Since adoption, Reg NMS spurred litigation and rulemaking involving the United States Court of Appeals for the District of Columbia Circuit and enforcement actions by the Securities and Exchange Commission. Follow-on regulatory initiatives included modifications driven by reports from the SEC Division of Trading and Markets and policy proposals debated during presidencies of George W. Bush, Barack Obama and Donald Trump. Internationally, standards were compared against regimes in European Union markets governed by MiFID I and MiFID II and oversight agencies such as the Financial Conduct Authority. Industry responses included rule filings by exchanges like NYSE Group and NASDAQ Stock Market, Inc. and consultation with trade associations such as SIFMA and AFME.
Broker-dealers including Charles Schwab Corporation, E*TRADE Financial Corporation and TD Ameritrade implemented routing logic and technology upgrades to comply with Order Protection and Access requirements, coordinating with market centers such as Direct Edge and IEX Group. Firms engaged legal counsel from offices associated with firms like Sullivan & Cromwell and Skadden, Arps, Slate, Meagher & Flom for compliance frameworks, and internal audit units reported to boards and risk committees similar to those at Goldman Sachs Group, Inc. and JPMorgan Chase & Co.. Technology vendors including Nasdaq Technology and NYSE Technologies provided consolidated tape services and matching engines to meet dissemination and connectivity demands.
Empirical studies by scholars from Columbia University, Princeton University, Stanford University and Yale University evaluated price discovery, execution quality and quote clustering after Reg NMS, citing metrics involving firms like Citadel Securities and Susquehanna International Group.
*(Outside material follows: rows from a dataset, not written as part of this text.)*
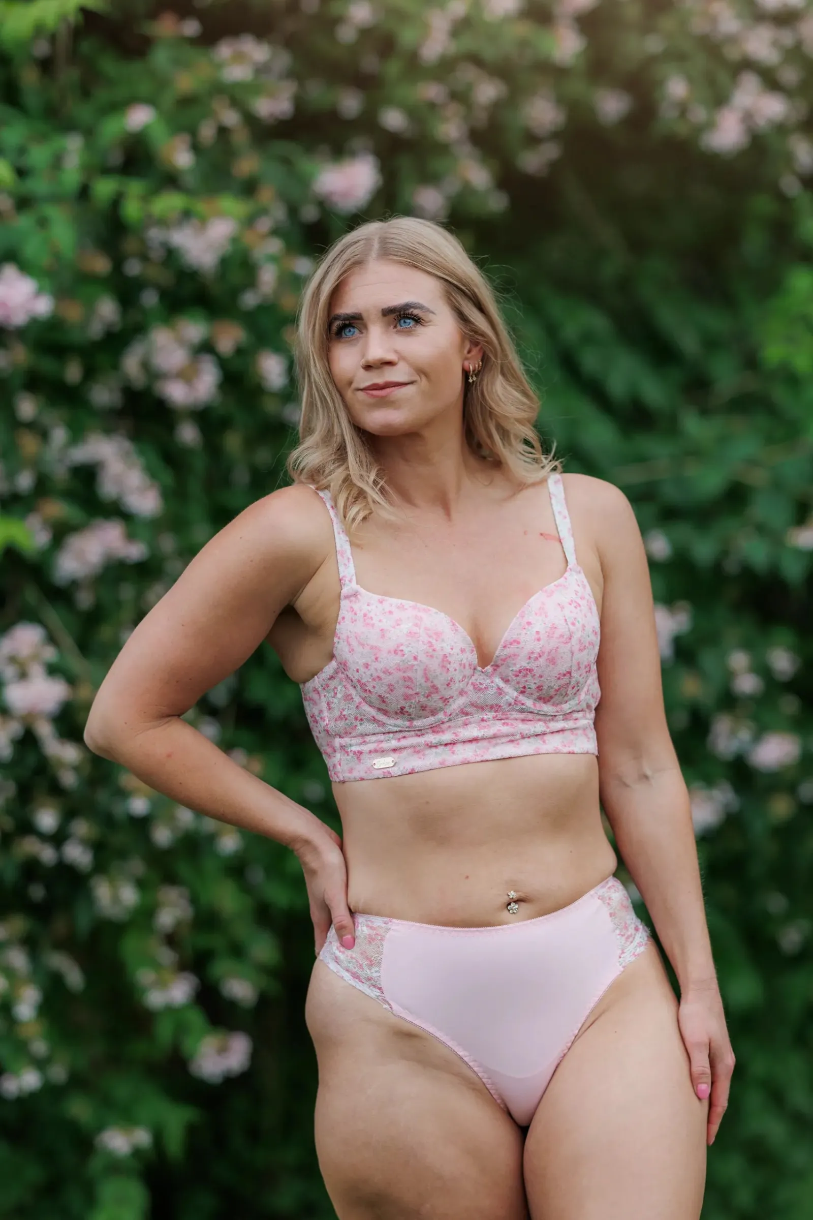 Størrelse er lik som våre andre modeller i omkrets og den er mest lik Amanda i cup. (Amanda har også fast padding. Aline har løs padding og er mest stretchy i bryst av våre modeller).
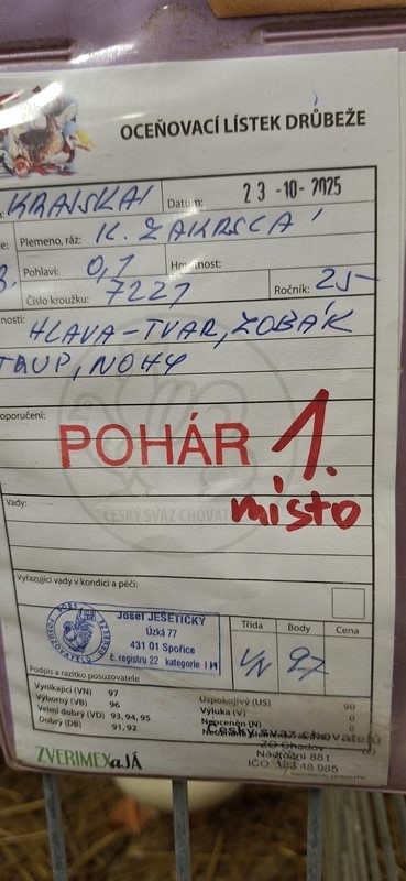 V roce 2024 se Tachovští na regionální výstavě v Kasejovicích umístili ze šesti oblastí na pátém místě. V letošním roce z osmi oblastí obsadili s rozdílem 1,5 bodu příčku čtvrtou. Chovatelům, kteří si udělali čas a své odchovy na „krajskou“ připravili, děkujeme za vzornou reprezentaci a přejeme hodně radosti a úspěchů v chovu. * * * * * V závěru roku vrcholí výstavní sezóna - ještě můžete vidět naše odchovy např. na místní výstavě v Tachově v sobotu 8.11.2025. Ve stejném termínu proběhne 30. Evropská výstava v Nitře, kde bude mít oblast Tachov také zástupce. Vrcholem českých výstav bude ta celostátní, v Lysé nad Labem v termínu 21. - 22.11.2025. Ve Stříbře se sejdeme na chovatelském trhu v sobotu 1.11.2025 a na pátek a sobotu 21.- 22.11.2025 připravujeme výstavu exotického a okrasného ptactva. Dne 28.10.2025:Zdeňka Kantová Pro reakci na článek musíte být přihlášen |
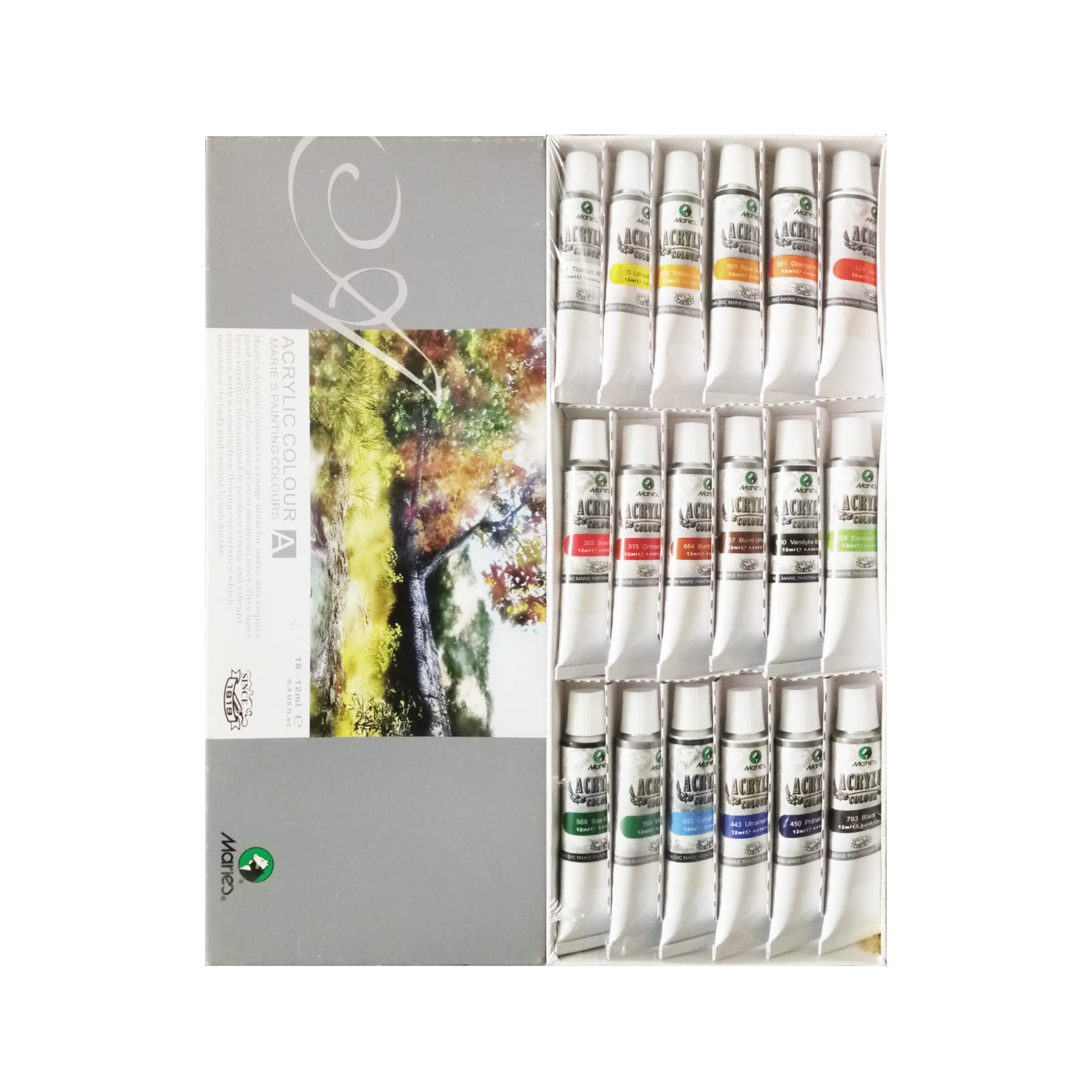 Marie’s Acrylic Paint 18 Color Tube Set 12ml Each

Research published in journals such as the Journal of Finance, Review of Financial Studies and Journal of Financial Economics debated whether Reg NMS improved outcomes for retail investors served by brokers like Robinhood Markets and Interactive Brokers. Policy researchers at think tanks including the Brookings Institution and Cato Institute offered divergent recommendations regarding order protection waivers, maker-taker fees and consolidated tape reform, influencing ongoing SEC rulemaking and congressional hearings involving members of the House Financial Services Committee and the Senate Banking Committee.